Experimental autoimmune encephalomyelitis (EAE) as a model for multiple sclerosis (MS).

The typical susceptible rodent will debut with clinical symptoms around two weeks after immunization and present with a relapsing-remitting disease. In addition, environmental factors can be determinant in the development of EAE. IL and Th17 Cells. The multiple sclerosis market.

Their findings upon a transfer of inflamed patient tissue to primates was published in the Journal of Experimental Medicine. Baker and his colleague Sandra Amor at VU University Encetalomielitis Center in the Netherlands laid out a set of guidelines that proposes minimally acceptable standards for publishing studies that use EAE as a preclinical model Baker and Amor, Experiments should be done in an actively encefalomielittis model and a passive transfer model.

Experimental autoimmune encephalomyelitis EAE. In monophasic or relapsing-remitting EAE, varying degrees of remyelination occur.

Centrifugar a xg durante 2 min a TA. Apprentice yourself to an experienced EAE researcher who can critique your scientific plan, Becher suggests: Transforming growth factor beta is dispensable for the molecular orchestration of Th17 cell differentiation. The maximum clinical score was 3.

Tips The sheer number of permutations of EAE models makes their use a minefield for experimental error, and diving into the literature is often not enough to develop the needed level of expertise to use EAE most effectively, Becher says. Leptin is a hormonal peptide produced by adipocytes that participates in the regulation of energy balance and food intake in the organism [32].


This immunisation leads to multiple small disseminated lesions of demyelination as well as micro-necroses in the brain and spinal cord and the onset of clinical symptoms. Views Read Edit View history.

EAE was motivated by observations during the convalescence from viral diseases by Thomas M. From Wikipedia, the free encyclopedia. In the past 20 years, researchers have used transgenic techniques to develop new versions of the model and to expand its utility. Please sign in or create an account.

Experimental autoimmune encephalomyelitis – Wikipedia

Sobre la base de nuestra experiencia, hay varios rEasons de este. Relative auttoinmune was performed using the following formula [18]: This storage period was necessary in order to prevent the death of the animals associated with the use of freshly prepared PT. Get cutting-edge science videos from J o VE sent straight to your inbox every month. La figura ha sido modificado a partir de Barthelmes et al.
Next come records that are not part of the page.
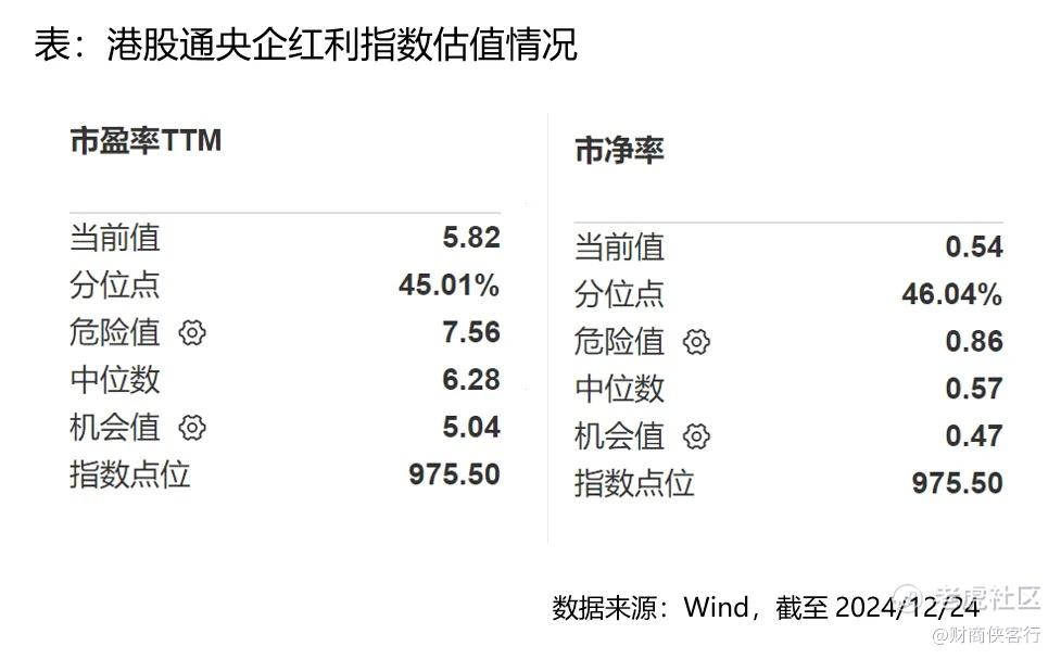 这点从港股通央企红利指数的估值上就可以体现出来,市盈率5.82倍,市净率0.54倍;相比万得全A的18.81倍市盈率和1.6倍市净率,明显低估。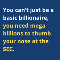 However, if you’re Elon Musk you can tout Dogecoin and cause a bubble without facing consequences. The difference here: you can’t just be a basic billionaire, you need mega billions to thumb your nose at the SEC.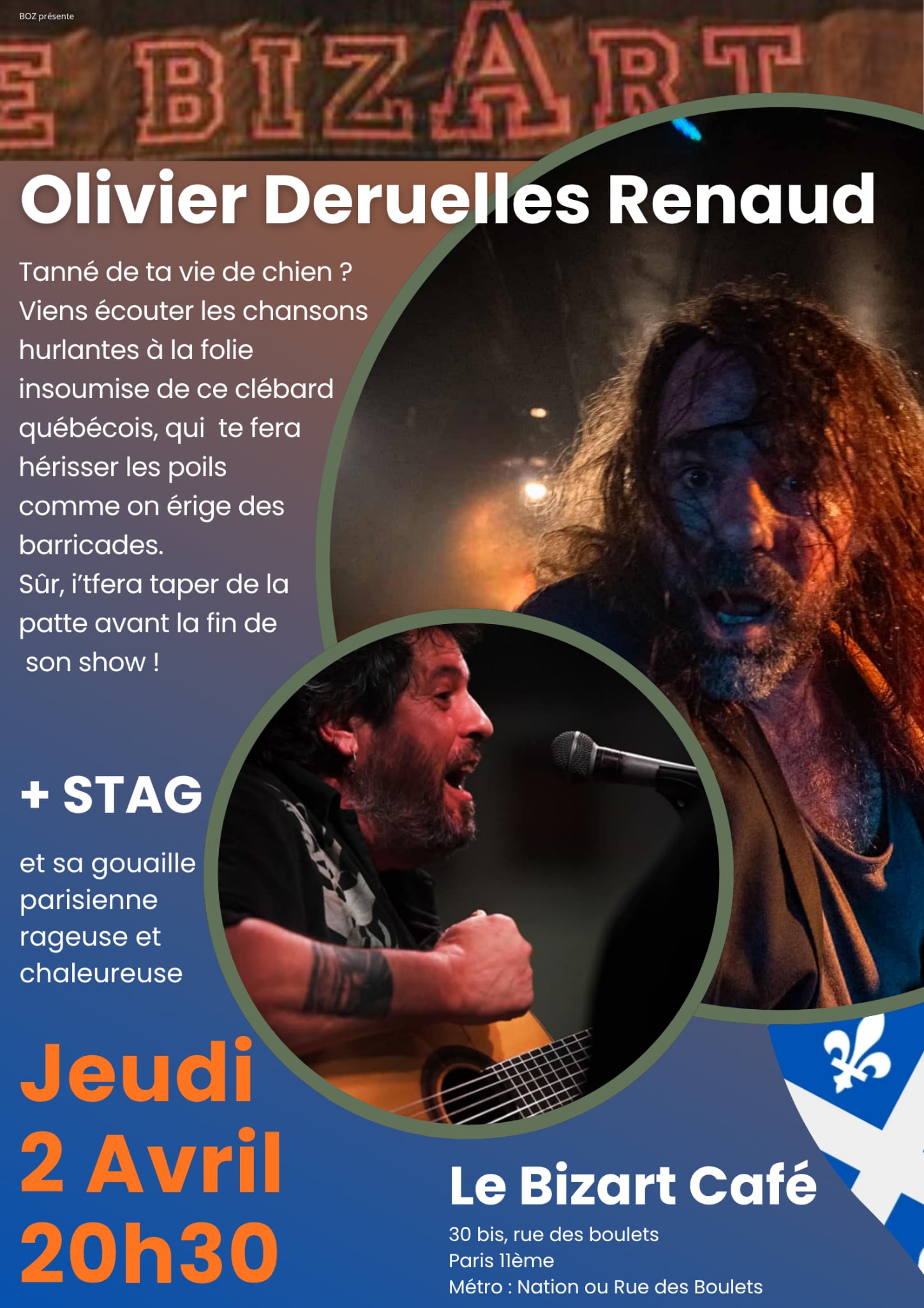 STAG SOLO ET OLIVIER DERUELLES RENAUD au « Bizart Café » 30 bis rue de boulets 75011 Paris à

Experimental Autoimmune Encephalomyelitis

Immunological update on multiple sclerosis. They were used after a laboratory adaptation period of one week. You must be signed in to post a comment. The most commonly used antigens in rodents are spinal cord homogenate SCHpurified myelin, myelin protein such as MBPPLPand MOGor peptides of these proteins, all ebcefalomielitis in distinct models with different disease characteristics regarding both immunology and pathology.

IL drives a pathogenic T cell population that induces autoimmune inflammation.

EAE generally targets the spinal cord and sometimes the cerebellum, causing inflammation followed by demyelination and axonal damage. The immunological basis for treatment of multiple sclerosis. Publication guidelines for refereeing and reporting on animal use in experimental autoimmune encephalomyelitis. Statistical analysis Statistical analyses were performed using the Prism 5.

Model evaluation Clinical monitoring of EAE The clinical severity of the disorder in all three experimental groups was monitored by daily double-blind observations, performed always at the same hour, by a trained observer, starting from day 0 and until day 28 after induction.